Petrograd, 1914. Valentina Yershova’s position in the Romanovs’ Imperial Russian Ballet is the only thing that keeps her from the clutches of poverty—clawing her way through the ranks, relying not only on her talent but her alliances with influential men. Then Luka Zhirkov—the gifted son of a factory worker—joins the company, and suddenly everything she has built is put at risk .For Luka, being accepted into the company fulfils a lifelong dream. But in the eyes of his proletariat father, it makes him a traitor. As civil war tightens its grip & the country starves, and the Imperial Russian Ballet becomes the ultimate symbol of Romanov indulgence—and Luka & Valentina are forced to choose: their country, their art or each other. A powerful debut novel of passion & revolution.

Driving into the Sun by Marcella Polain ($30, PB)

For Orla, living in the suburbs in 1968 on the cusp of adolescence, her father is a great shining light, whose warm & powerful presence fills her world. But after his sudden death, Orla, her mother & her sister are left in a no-man’s land—a place where the certainties & protections of the nuclear family suddenly & mysteriously no longer apply, and where the path between girl & woman must be navigated alone. Marcia Polain’s first novel, The Edge of the World, was shortlisted for a Commonwealth Writers’ Prize.

The Heart of the Grass Tree by Molly Murn

When Pearl’s grandmother Nell dies unexpectedly, Pearl & her mother Diana & sister Lucy return to Kangaroo Island to mourn & farewell her. Each woman must reckon with Nell’s passing in her own way—but Nell had secrets, too, and as Pearl, Diana & Lucy interrogate their feelings about the island, Pearl starts to pull together the scraps Nell left behind—her stories, poems, paintings— and unearths a connection to the island’s early history, of the early European sealers & their first contact with the Ngarrindjeri people. Pearl’s deepening connection to their history, the island’s history, grounds her & brings the women back to each other. ($33, PB)

Year of the Beast by Steven Carroll ($30, PB)
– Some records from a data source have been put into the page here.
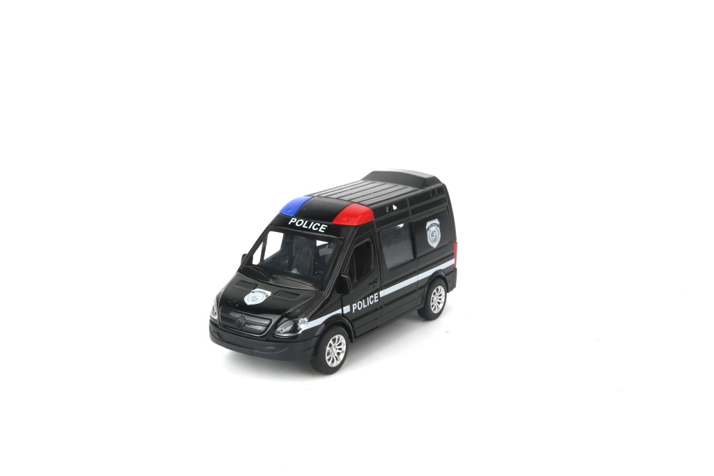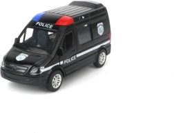 Czarny radiowóz z niebiesko-czerwonymi światłami i napisami POLICE pobudza do dynamicznej zabawy i pościgów – wystarczy naciągnąć i ruszyć.
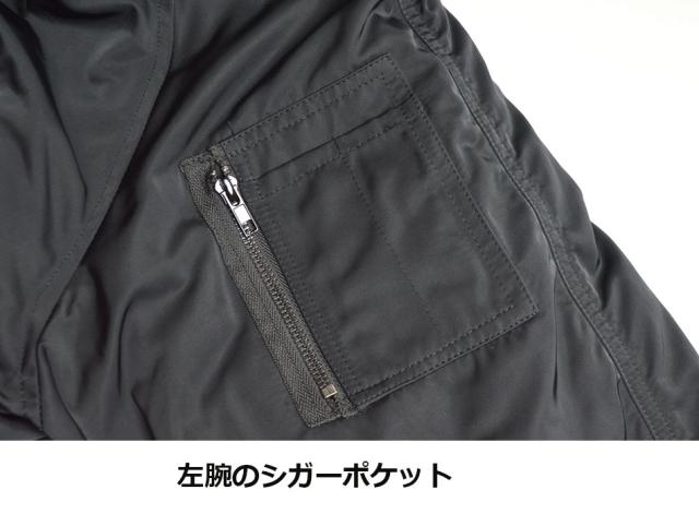 ■袖口はインナーリブ仕様で冷たい風をシャットアウト!雨風や埃の侵入を防ぐための大きなウインドフラップ付き、フロントはジップとボタンの2重構造で防寒性を高めます。
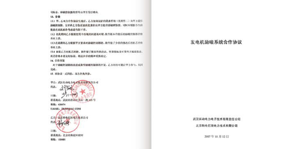 武漢長動電力電子技術有限責任公司發電機勵磁系統合作協議書
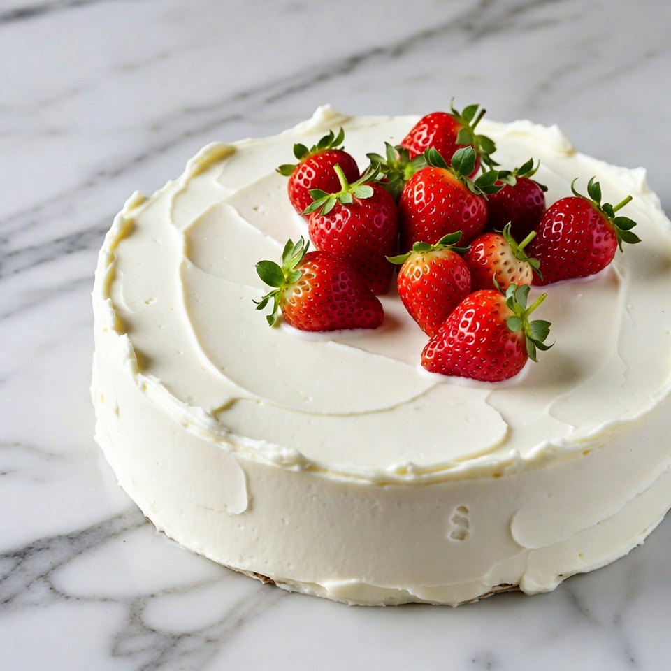 A round white-frosted cake sits on a white marble countertop. Fresh red strawberries with green leaves top the smooth white icing. The cake is centered with subtle frosting edges.
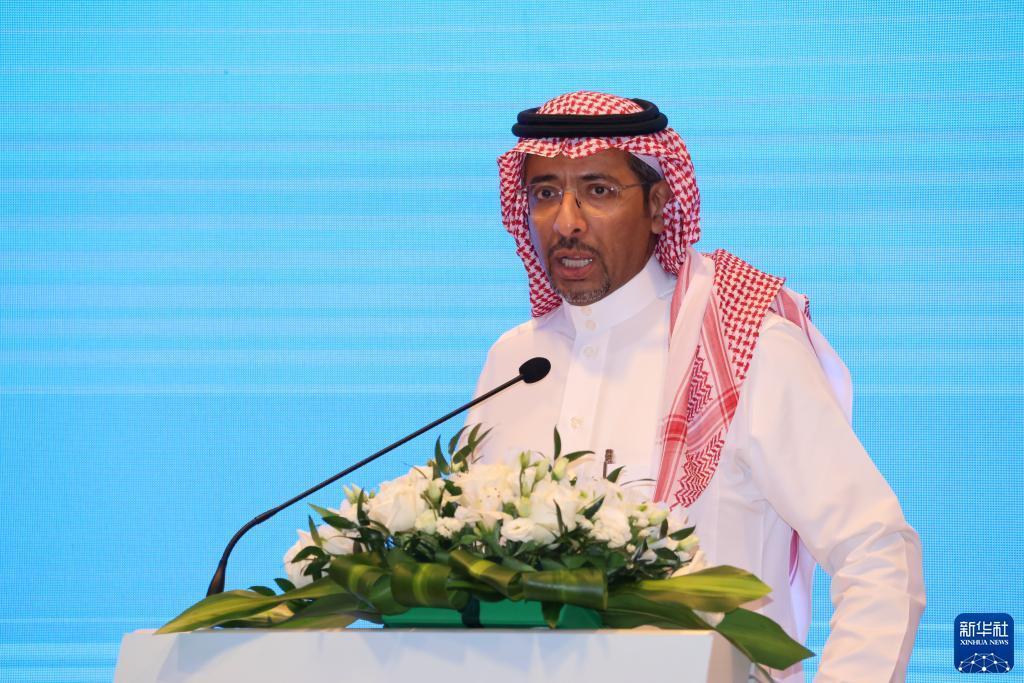 5月21日,在沙特利雅得,沙特工業(yè)和礦產(chǎn)資源大臣班達(dá)爾·胡拉耶夫在中國-阿拉伯國家博覽會推介會上致辭。
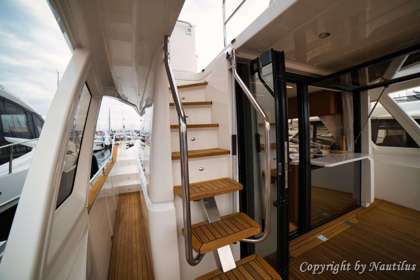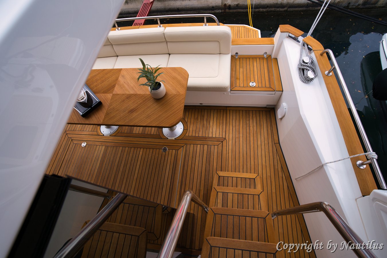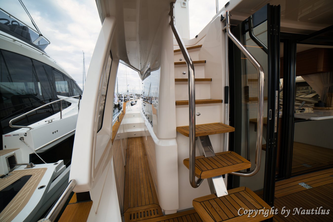 Greenline-48-Fly-Deck Greenline 48 Fly Red Hot Dining on Red Hot Greenline Open Concept Flow on Red Hot Greenline Flybridge Access Greenline Walkways Teak Steps on Red Hot Red Hot Sun Lounge Greenline Solar Power Red Hot Stern Platform Greenline 48 Side View Foredeck of Red Hot Cockpit on Red Hot Greenline Cockpit Layout Socializing on Greenline 48

Melbourne, 1917: the times are tumultuous, the city is in the grip of a kind of madness. The Great War is raging, and it is the time of the hotly contested 2nd conscription referendum. Fights are raging on the streets, rallies for ‘YES’ and ‘NO’ facing off against each other on opposing corners. Men, women & children, jostling, brawling, fighting & spitting. Through these streets walks Maryanne, 40 years old, unmarried & 7 months pregnant. These are uncertain, dangerous times for a woman in her position. And she is facing a difficult choice—a choice which gets more urgent by the day—whether to give her child up for adoption as the Church insists she does, or to keep her child & face an uncertain future. Steven Carroll brings his sweeping Glenroy series to a magnificent close.